Cross-Modal Transformer-Based Neural Correction Models for Automatic
Speech Recognition
- URL: http://arxiv.org/abs/2107.01569v1
- Date: Sun, 4 Jul 2021 07:58:31 GMT
- Title: Cross-Modal Transformer-Based Neural Correction Models for Automatic
Speech Recognition
- Authors: Tomohiro Tanaka, Ryo Masumura, Mana Ihori, Akihiko Takashima, Takafumi
Moriya, Takanori Ashihara, Shota Orihashi, Naoki Makishima
- Abstract summary: We propose a cross-modal transformer-based neural correction models that refines the output of an automatic speech recognition system.
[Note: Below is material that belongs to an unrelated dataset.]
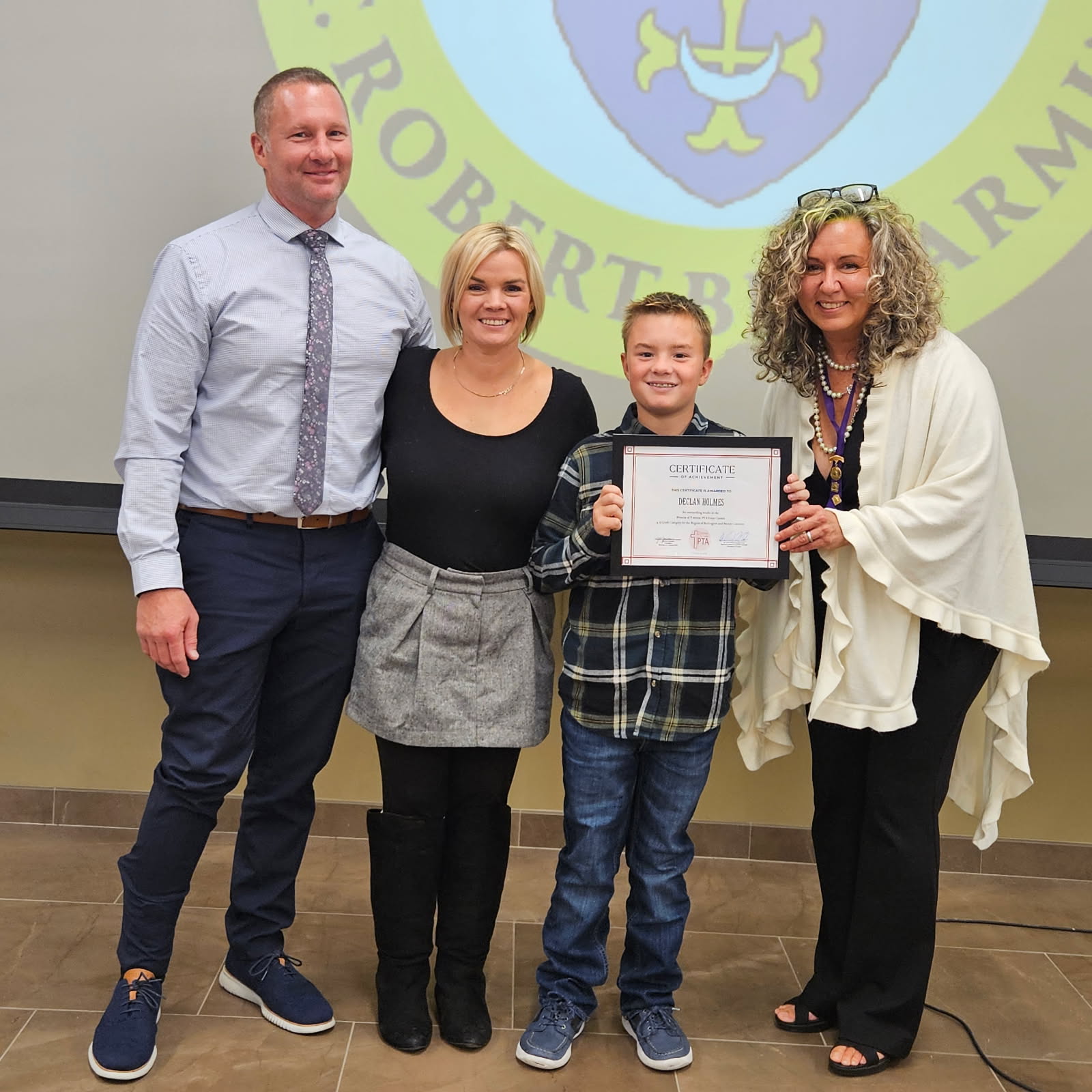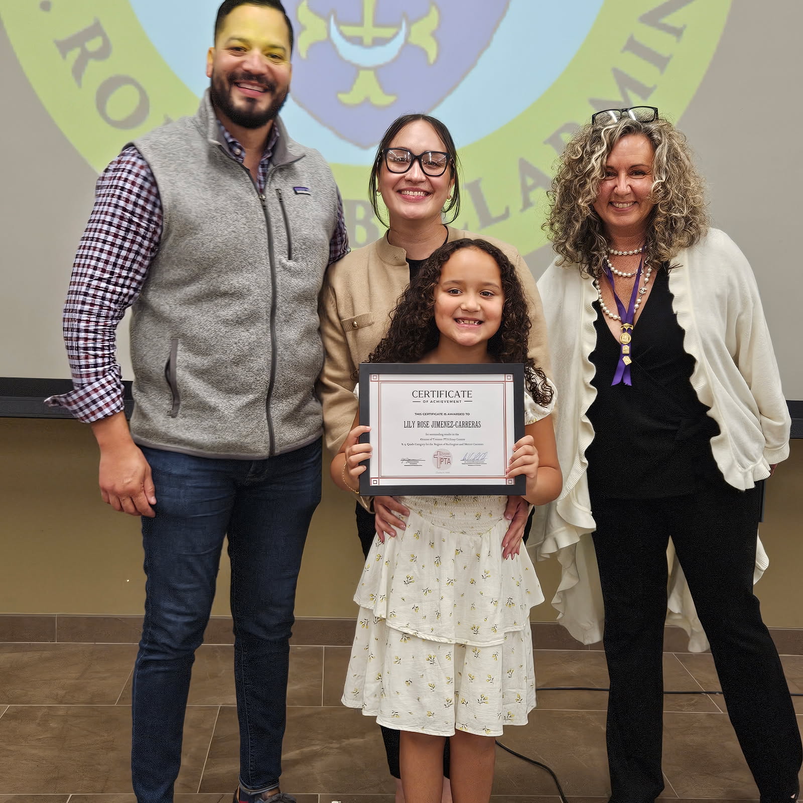 Lily Rose Jimenez-Carreras, from St. Paul School, Burlington, proudly holds her new certificate as her parents and Jessica Jarmer look on. Burlington-Mercer Division

Experiments on Japanese natural language ASR tasks demonstrated that our proposed models achieve better ASR performance than conventional neural correction models.
- Score: 31.2558640840697
- License: http://arxiv.org/licenses/nonexclusive-distrib/1.0/
- Abstract: We propose a cross-modal transformer-based neural correction models that
refines the output of an automatic speech recognition (ASR) system so as to
exclude ASR errors. Generally, neural correction models are composed of
encoder-decoder networks, which can directly model sequence-to-sequence mapping
problems. The most successful method is to use both input speech and its ASR
output text as the input contexts for the encoder-decoder networks. However,
the conventional method cannot take into account the relationships between
these two different modal inputs because the input contexts are separately
encoded for each modal. To effectively leverage the correlated information
between the two different modal inputs, our proposed models encode two
different contexts jointly on the basis of cross-modal self-attention using a
transformer. We expect that cross-modal self-attention can effectively capture
the relationships between two different modals for refining ASR hypotheses. We
also introduce a shallow fusion technique to efficiently integrate the
first-pass ASR model and our proposed neural correction model. Experiments on
Japanese natural language ASR tasks demonstrated that our proposed models
achieve better ASR performance than conventional neural correction models.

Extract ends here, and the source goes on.